A man in his 50s with no pertinent medical history suffered a witnessed cardiac arrest. EMS found the patient in VFib and performed ACLS for 26 minutes then obtained ROSC. 12 minutes later, the patient went back into VFib arrest and underwent another 15 minutes of resuscitation followed by successful defibrillation and sustained ROSC. In total, he received approximately 40 minutes of CPR and 7 defibrillation attempts. 

Here is his first ECG recorded after stable ROSC:

Originally recorded in 50 mm/s (the standard in Norway), here converted to 25 mm/s. There is sinus rhythm with a relatively normal QRS complex followed by a hint of STD that is maximal in V4-V6, which appears to me to be an expected amount of supply-demand mismatch ischemia from his immediately post-ROSC state. I do not see clear evidence of OMI or reperfusion at this time.




The patient was transferred immediately for angiogram which revealed no significant CAD, and no intervention was performed. The patient received therapeutic hypothermia at 33 degrees C for 24 hours. Echo revealed morphologically normal left and right ventricles with normal ejection fraction and no wall motion abnormalities. Troponin T peaked at 330 ng/L, then trended down. After rewarming he was noted to be neurologically intact. An ICD was placed due to suspicion of a primary arrhythmia. MRI showed a small area of the lateral wall that could potentially represent infarct. 

Several weeks later the patient presented with epigastric pain and lightheadedness. ICD interrogation showed episodes of polymorphic VT. After cessation of VT, bizarre QRS morphology was noted and is shown below. Repeat echo showed no wall motion abnormalities. He was started on amiodarone and admitted for telemetry.

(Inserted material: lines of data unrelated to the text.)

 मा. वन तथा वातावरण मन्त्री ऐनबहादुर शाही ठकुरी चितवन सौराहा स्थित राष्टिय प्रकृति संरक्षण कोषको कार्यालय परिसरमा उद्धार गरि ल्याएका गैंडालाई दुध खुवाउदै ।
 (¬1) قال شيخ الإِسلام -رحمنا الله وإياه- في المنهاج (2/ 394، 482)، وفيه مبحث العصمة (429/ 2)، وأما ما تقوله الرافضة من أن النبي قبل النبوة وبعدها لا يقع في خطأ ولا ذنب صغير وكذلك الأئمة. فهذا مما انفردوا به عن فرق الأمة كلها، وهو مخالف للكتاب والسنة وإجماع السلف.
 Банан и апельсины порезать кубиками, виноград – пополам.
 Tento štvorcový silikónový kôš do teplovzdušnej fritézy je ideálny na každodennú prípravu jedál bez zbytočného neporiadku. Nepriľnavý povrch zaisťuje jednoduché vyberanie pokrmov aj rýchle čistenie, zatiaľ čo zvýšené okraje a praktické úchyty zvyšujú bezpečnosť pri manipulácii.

While on telemetry the patient remained asymptomatic, however recurrent episodes of ECG abnormalities were recorded. These episodes are characterized by rapidly dynamic ST segment and T wave abnormalities that rapidly change from normal to hyperacute T waves to shark fin morphology and back to normal. This progression occurs and resolves rapidly, within seconds on telemetry, with clear beat-to-beat changes. The telemetry alarm states "ventricular rhythm" but it is clearly massive ST segment elevation. All of these episodes occurred without any symptoms reported from the patient, even after pointed questioning during the telemetry events.


Here are the telemetry recordings (each line is a long rhythm strip, followed immediately by the line underneath it):

This event lasts two minutes and shows rapid evolution from normal to hyperacute T waves, to terminal QRS distortion, to STE, to a progressively altered terminal portion of the QRS with STE and QRS morphology worsening in tandem. By the halfway point of the two minutes, the rhythm strip shows complete shark fin morphology, which then resolves abruptly in the last rhythm strip over the course of seconds. This is literally the OMI progression caught in action, but with the twist of adding the shark fin morphology to the classic OMI progression.

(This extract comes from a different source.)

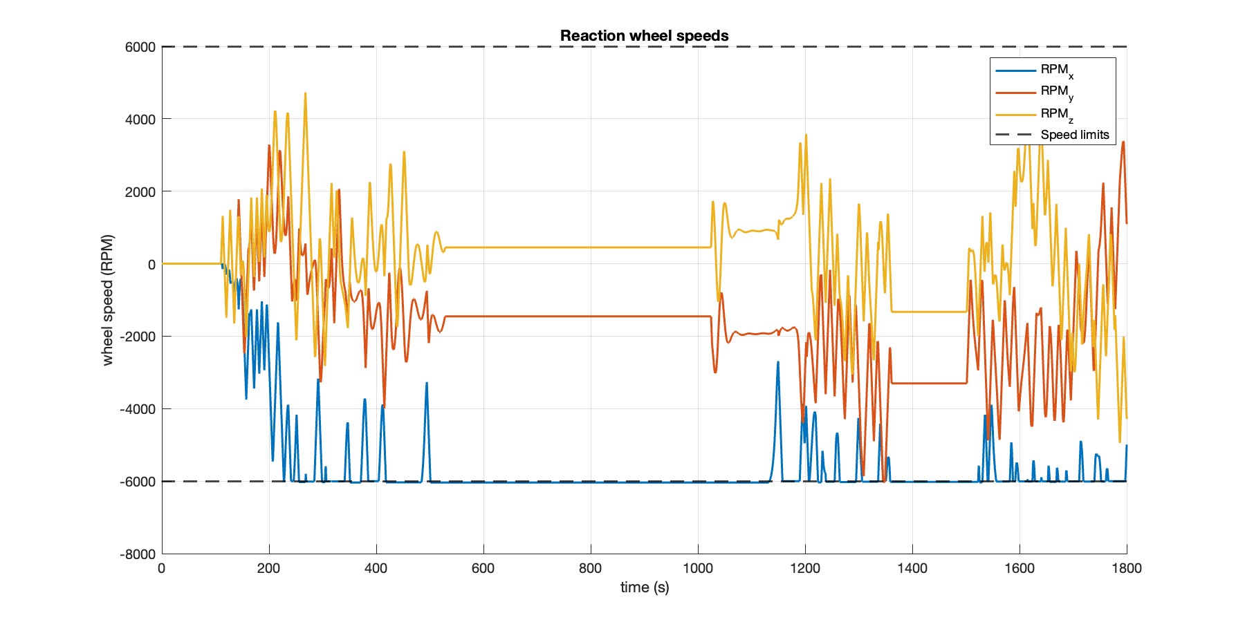 Reaction wheel speeds (RPM) with saturation limits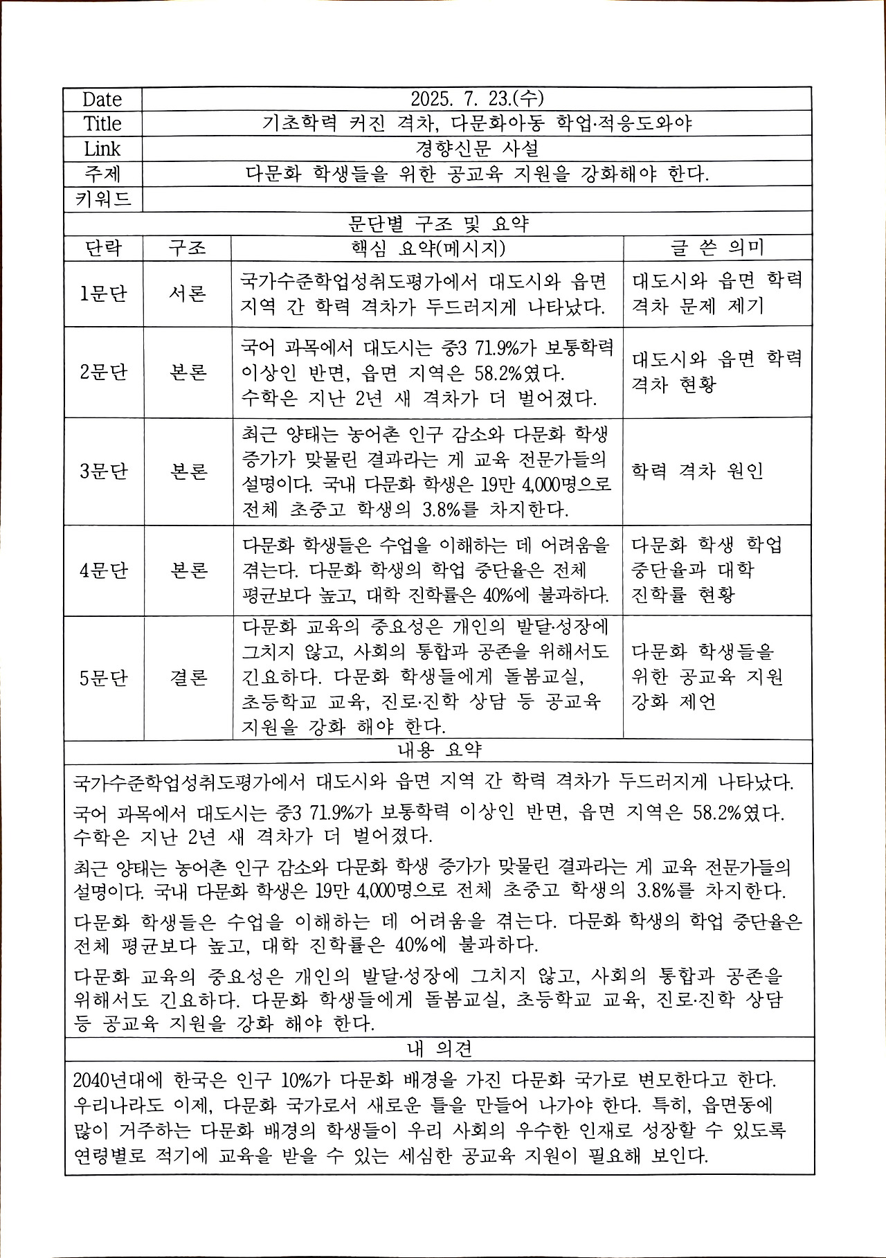 <기초학력 커진 격차, 다문화아동 학업 적응 도와야> 사설 요약

This event similarly starts with a progression from normal to enlarging T waves with simultaneously increasing STE. In this event the QRS retains a more normal, narrow appearance until longer in the progression, allowing us to see obvious huge STE and terminal QRS distortion still with a narrow QRS. During the fourth line of the telemetry image, the shark fin appearance re-emerges. During the fifth line the rhythm changes likely to a brief run of polymorphic VT, then quickly back to sinus with rapid resolution of all findings. 

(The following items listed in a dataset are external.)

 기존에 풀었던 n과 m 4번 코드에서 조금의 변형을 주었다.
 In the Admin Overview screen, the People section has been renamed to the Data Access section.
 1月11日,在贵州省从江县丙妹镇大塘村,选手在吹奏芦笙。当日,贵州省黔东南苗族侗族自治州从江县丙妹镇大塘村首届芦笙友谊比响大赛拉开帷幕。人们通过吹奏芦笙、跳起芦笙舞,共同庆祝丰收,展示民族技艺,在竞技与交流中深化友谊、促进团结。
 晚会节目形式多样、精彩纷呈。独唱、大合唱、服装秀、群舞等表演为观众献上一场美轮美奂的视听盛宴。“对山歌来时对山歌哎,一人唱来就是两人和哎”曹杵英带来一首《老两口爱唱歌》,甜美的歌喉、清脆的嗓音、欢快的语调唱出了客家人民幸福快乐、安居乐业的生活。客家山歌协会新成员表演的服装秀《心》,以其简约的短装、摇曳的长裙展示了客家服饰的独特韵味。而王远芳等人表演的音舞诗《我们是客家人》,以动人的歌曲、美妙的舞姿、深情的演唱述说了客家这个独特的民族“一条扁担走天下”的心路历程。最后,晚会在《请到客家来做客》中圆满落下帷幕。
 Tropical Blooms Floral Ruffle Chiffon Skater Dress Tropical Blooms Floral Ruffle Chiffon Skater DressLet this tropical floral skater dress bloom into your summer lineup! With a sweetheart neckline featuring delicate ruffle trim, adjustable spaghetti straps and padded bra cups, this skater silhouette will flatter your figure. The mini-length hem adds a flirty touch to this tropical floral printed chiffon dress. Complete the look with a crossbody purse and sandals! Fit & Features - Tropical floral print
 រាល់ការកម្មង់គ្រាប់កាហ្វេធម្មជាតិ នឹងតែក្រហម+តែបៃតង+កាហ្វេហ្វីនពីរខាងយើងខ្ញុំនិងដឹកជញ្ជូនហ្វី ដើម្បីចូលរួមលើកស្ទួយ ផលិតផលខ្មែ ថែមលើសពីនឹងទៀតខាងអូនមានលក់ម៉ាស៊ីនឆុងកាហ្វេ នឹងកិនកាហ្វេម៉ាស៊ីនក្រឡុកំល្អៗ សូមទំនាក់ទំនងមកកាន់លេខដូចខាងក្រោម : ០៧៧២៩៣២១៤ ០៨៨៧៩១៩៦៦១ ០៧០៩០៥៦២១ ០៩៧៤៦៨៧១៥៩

He had many 12-lead ECGs obtained during various episodes (keep in mind that these ECGs are recorded using 50 mm/s):





Dr. Nossen comments on his thought process at this point: "With this rapid ST-E development and regression there was in my mind only one plausible explanation. Coronary spasm causing massive current of injury with shark fin ECG. I suspect LAD or LM. I would not expect ST-E to vanish in four beats with dissolving thrombus (also we know that the coronaries were clean). Immediately restored blood flow as with cessation of spasm I speculated is the only explanation for the fast resolutionThe patient was not experiencing any typical coronary chest pain at these short episodes of ST-E. My understanding of this is that the transmural ischemia is sudden, massive and triggering a very pro-arrhythmic state before ischemic symptoms appear. Thus presenting clinically with malignant arrhythmia without the classic ischemic symptoms."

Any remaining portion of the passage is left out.